And that is why (t+3) (t+5) is our final answer!
I have a question?

HOW DO YOU SOLVE THIS!

Example:
3/2x+4=-9

Thanks, Please help!
3/2x + 4 = -9. To solve for x, we can do a few things. I would suggest one method though, let me show you...
3/2x + 4 = -9
subtract 4 from both sides.
3/2x = -13
Now, multiply both sides by 2/3.
(2/3)*3/2x = (2/3)*(-13/1)
6/6x = -26/3
6/6 = 1, so
x = -26/3
and we are done. Tell me if that helped or not.
When doing the KhanAcademy lessons for Factoring Polynomials 1 (https://www.khanacademy.org/math/trigonometry/polynomial_and_rational/quad_factoring/e/factoring_polynomials_1) I was given this problem to factor.

x2−10x+24 (x to the second power minus by ten x plus twenty four)
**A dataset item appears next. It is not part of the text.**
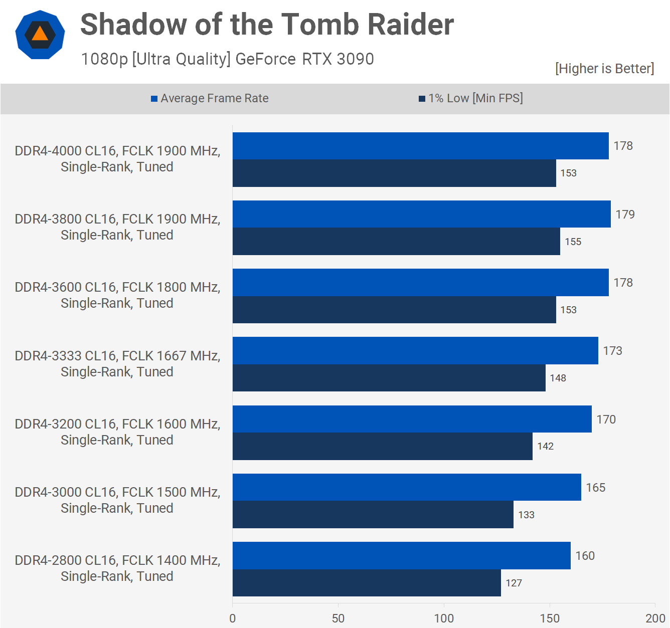 Игра Shadow of The Tomb Raider напоминает другие требовательные игры и здесь лучшим выбором является DDR4-3600, как и на архитектуре Zen 2. Если вы хотите больше производительности без переплаты за память, DDR4-3600 CL16 подходит лучше всего.

I wrote down this answer and it solves the right way,

(x + 2)(x - 12)

But KhanAcademy said that I got it wrong and that the answer was actually,

(x−6)(x−4)

Can anybody tell me where I went wrong? I just don't get it. They both solve the same way.
So the equation they want is x^2-10x+24 Correct?

If you multiplied yours out, it would be x^2-10x-24.
(x+2)(x-12) = x*x-12x+2x-24 = x^2-10x-24 because 2 times -12 is -24.

While the answer provided
(x-6)(x-4) = x*x-6x-4x+24 = x^2-10x+24. Negative 6 times negative 4 is positive 24.Which is what they wanted.

You got really close, just gotta watch that minus sign on the last term.
Why do the (t+3)'s you factored out of the trinomial cancel each other, and if they did wouldn't they leave a 1 instead of a a single (t+3) remaining? sorry if this was a badly worded question btw
what if the problem is x^2-2x-8. the factors of 8 dont add up to 2? like in the video 5 and3 add up to 8
sifuentesj,
-4*2 = -8
and -4+2 = -2
So x²-2x-8 can be factored.

There are other methods such as "completing the square" and the quadratic formula that can be used when you can't easily factor the expression.
Here is a video on completing the square
https://www.khanacademy.org/math/algebra/quadratics/completing_the_square/v/solving-quadratic-equations-by-completing-the-square

And on the quadratic formula https://www.khanacademy.org/math/algebra/quadratics/quadratic_formula/v/using-the-quadratic-formula

I hope that helps make it click for you.
This question is a bit off topic but can anyone explain how I would factor an expression such as this one
x^2+(3y+4)x+(2y+3)(y+1) I have been stuck on this question for a while and any help would be useful, Thank you in advance.
The sum of two numbers is 3y + 4 and the product of two numbers is (2y + 3)(y + 1)
So this equation can be factored as (x + 2y + 3)(x + y + 1)
This problem is of the form (x + a)(x + b) where a = 2y + 3 and b = y + 1
To factor the expression ax² + bx + c, first solve the equation ax² + bx + c = 0 to find the roots of the polynomial (this can always be accomplished using the quadratic formula). Suppose ß and µ are roots of said equation. Then both (x - ß) and (x - µ) must be factors of the expression. We may then write ax² + bx + c = a(x - ß)(x - µ).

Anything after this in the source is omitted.